Start of DATA FOR THE TASK
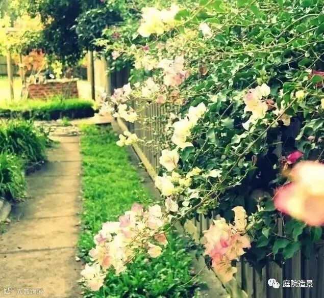 17、最简单的做法就是铁围栏+适合围栏的花,比如蔷薇、牵牛、常春藤、紫藤、金银花等。
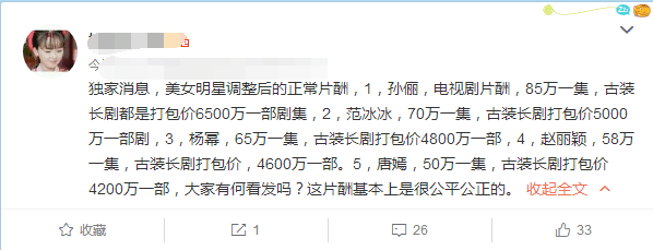 娱乐圈艺人们的片酬多少一直以来都是粉丝们津津乐道的话题,而在今日,有网友在某社交平台爆出五位当红女星具体片酬。不看不知道,一看吓一跳,原来女星们片酬都这么高的呀,接下来,就让我们一起来看一下吧。
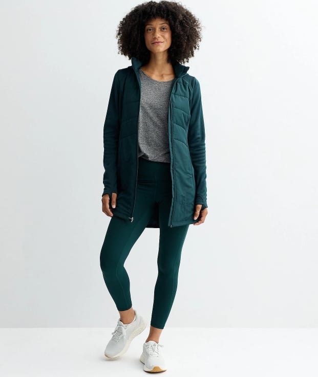This is a smart grab for errands and walks. It has a lightweight quilted feel. It also has stretch panels for easier movement.
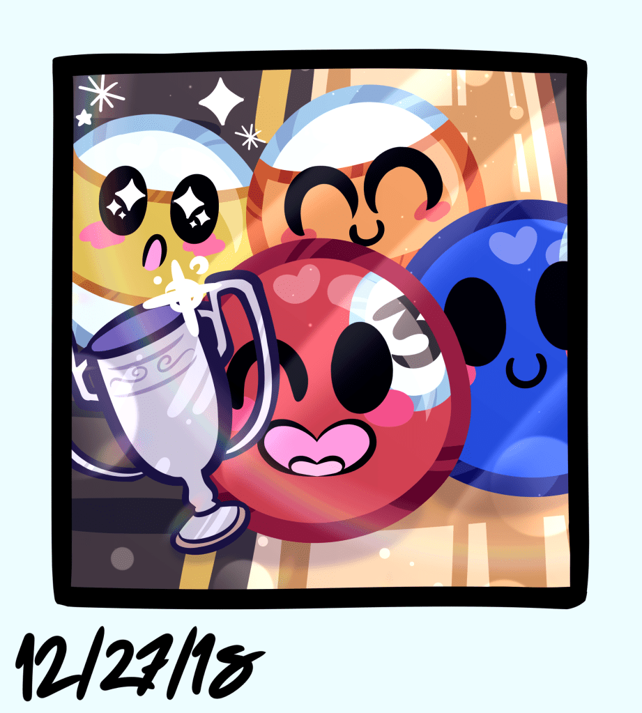 “I found this at home. Red came home a day early from their victory tour to get a break from the paparazzi. I brought a tripod and everything so I could be in a picture with my sibling for once.” Blue passed us the Rollaroid, pointing out their relatives, Stripe Numbers 9 and 13. “Red winning in 2018 was pretty much the best thing ever. They’d been training so hard for so long, and coming just short in 2017 was really hard for them. But they bounced back, and they kept working. We were so proud of them, not just the victory, but just all of their work and dedication, too.”
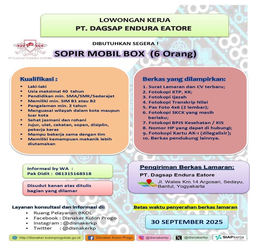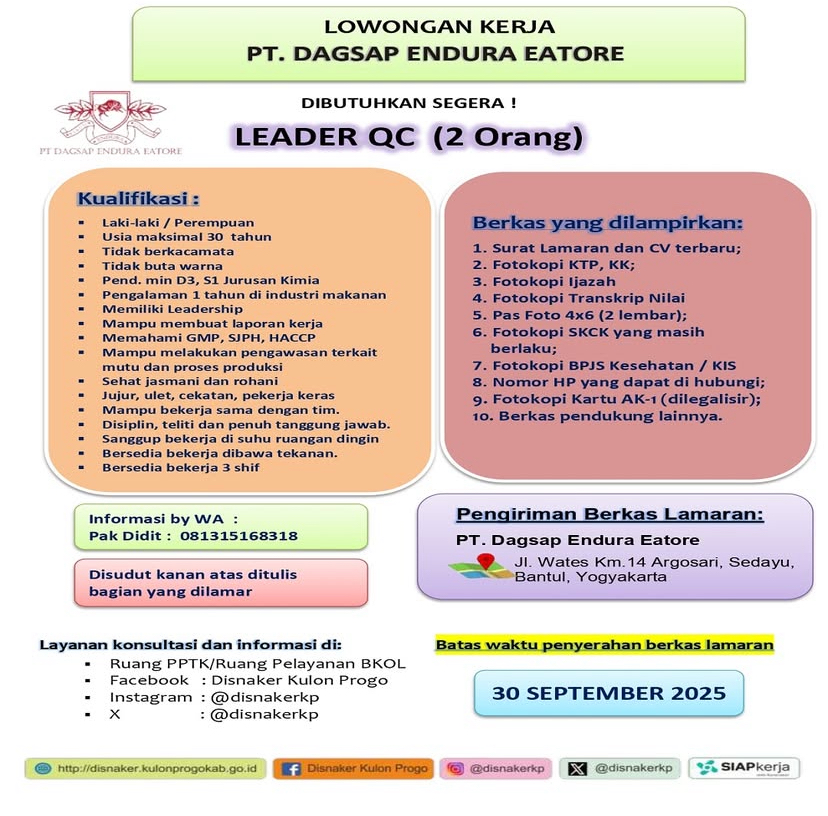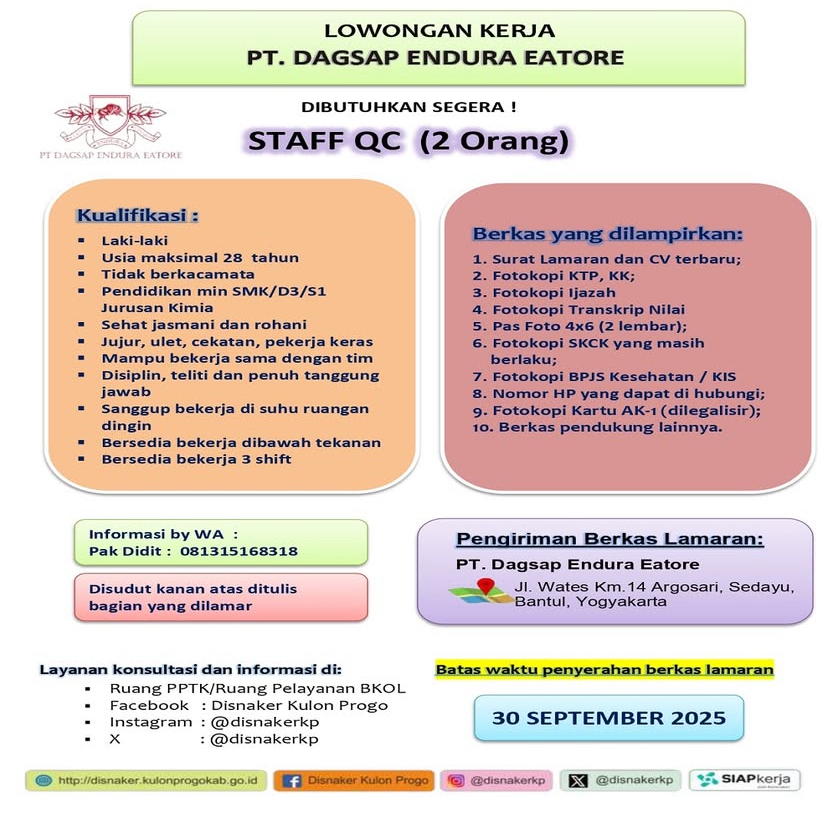 Berikut kami informasikan lowongan pekerjaan posisi:
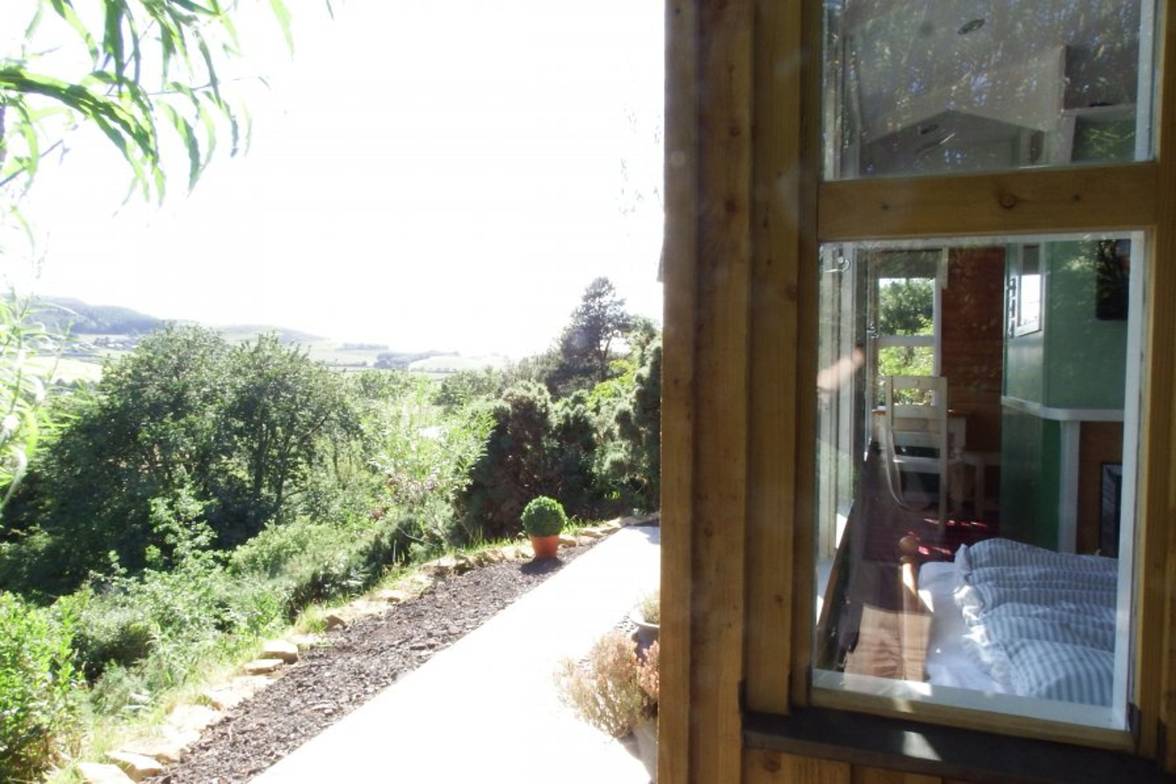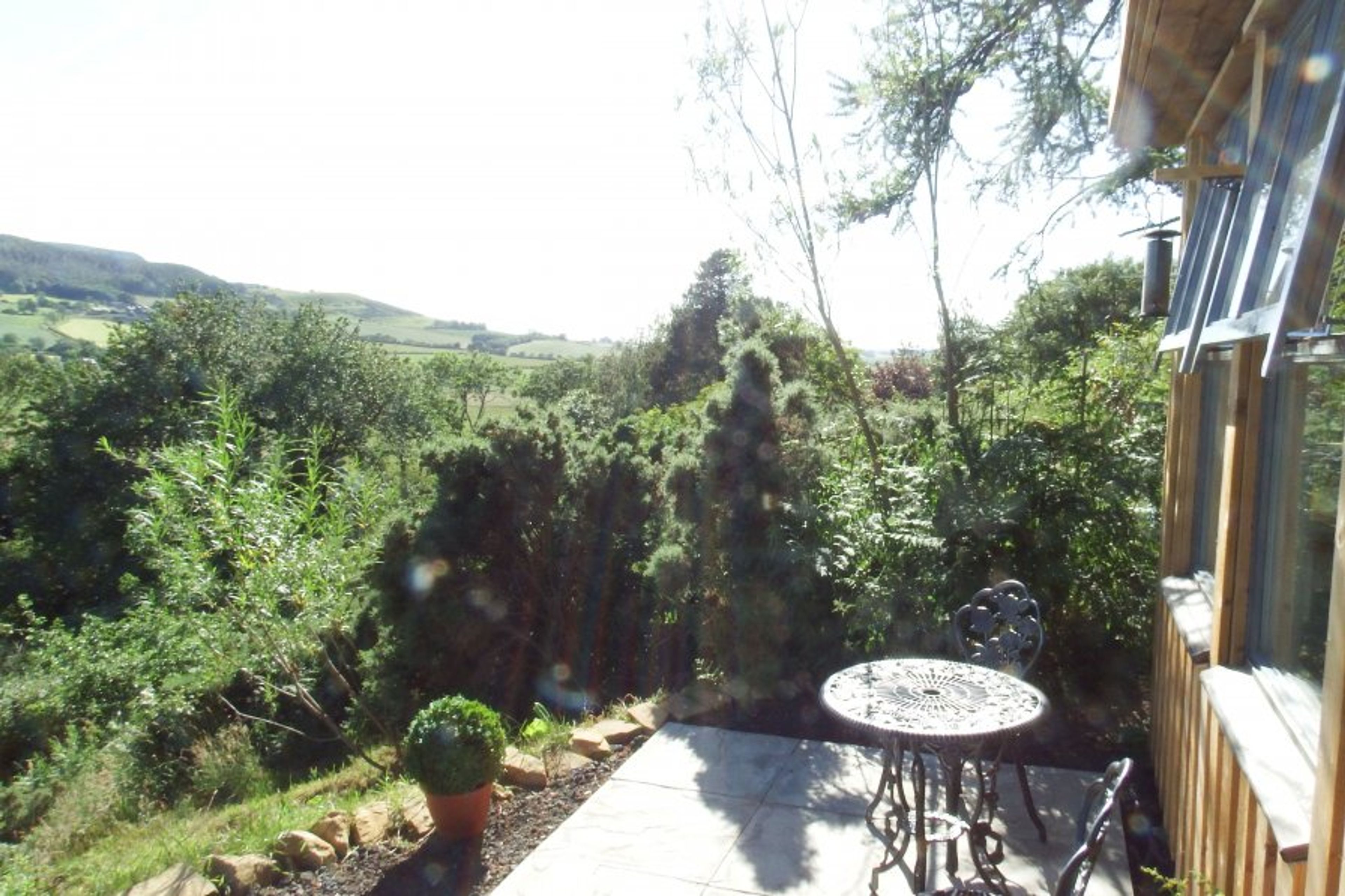 Outside is a terraced area overlooking the views, with seating for outside dining. Below the cabin is a unique sunken rock garden, incorporating a circular seating area sheltered from the wind, but capturing the the heat of the sun, whilst offering outstanding views over the woods and hills.
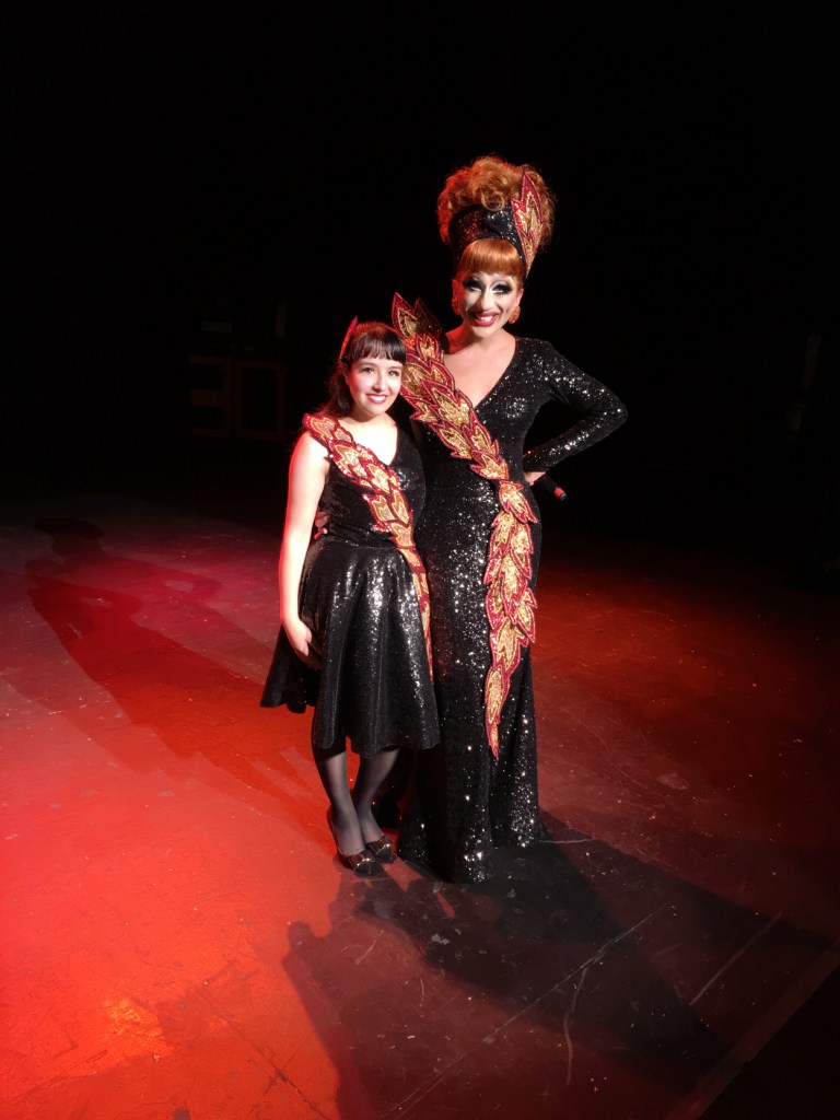 Elena on stage at The Warfield with Bianca Del Rio, wearing their matching Flames Dresses
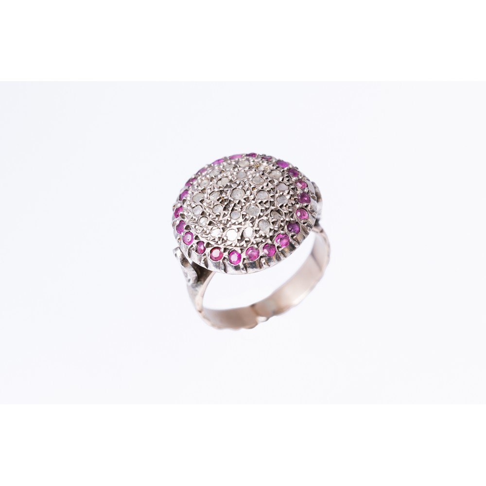 ANELLO a toppa in oro 9 KT e argento con diamanti e rubini
End of DATA FOR THE TASK
* [ACTIVITY]: Restate the data word for word while omitting each picture.

* [SOLUTION TO THIS PROBLEM]:
 17、最简单的做法就是铁围栏+适合围栏的花,比如蔷薇、牵牛、常春藤、紫藤、金银花等。
 娱乐圈艺人们的片酬多少一直以来都是粉丝们津津乐道的话题,而在今日,有网友在某社交平台爆出五位当红女星具体片酬。不看不知道,一看吓一跳,原来女星们片酬都这么高的呀,接下来,就让我们一起来看一下吧。
This is a smart grab for errands and walks. It has a lightweight quilted feel. It also has stretch panels for easier movement.
 “I found this at home. Red came home a day early from their victory tour to get a break from the paparazzi. I brought a tripod and everything so I could be in a picture with my sibling for once.” Blue passed us the Rollaroid, pointing out their relatives, Stripe Numbers 9 and 13. “Red winning in 2018 was pretty much the best thing ever. They’d been training so hard for so long, and coming just short in 2017 was really hard for them. But they bounced back, and they kept working. We were so proud of them, not just the victory, but just all of their work and dedication, too.”
 Berikut kami informasikan lowongan pekerjaan posisi:
 Outside is a terraced area overlooking the views, with seating for outside dining. Below the cabin is a unique sunken rock garden, incorporating a circular seating area sheltered from the wind, but capturing the the heat of the sun, whilst offering outstanding views over the woods and hills.
 Elena on stage at The Warfield with Bianca Del Rio, wearing their matching Flames Dresses
 ANELLO a toppa in oro 9 KT e argento con diamanti e rubini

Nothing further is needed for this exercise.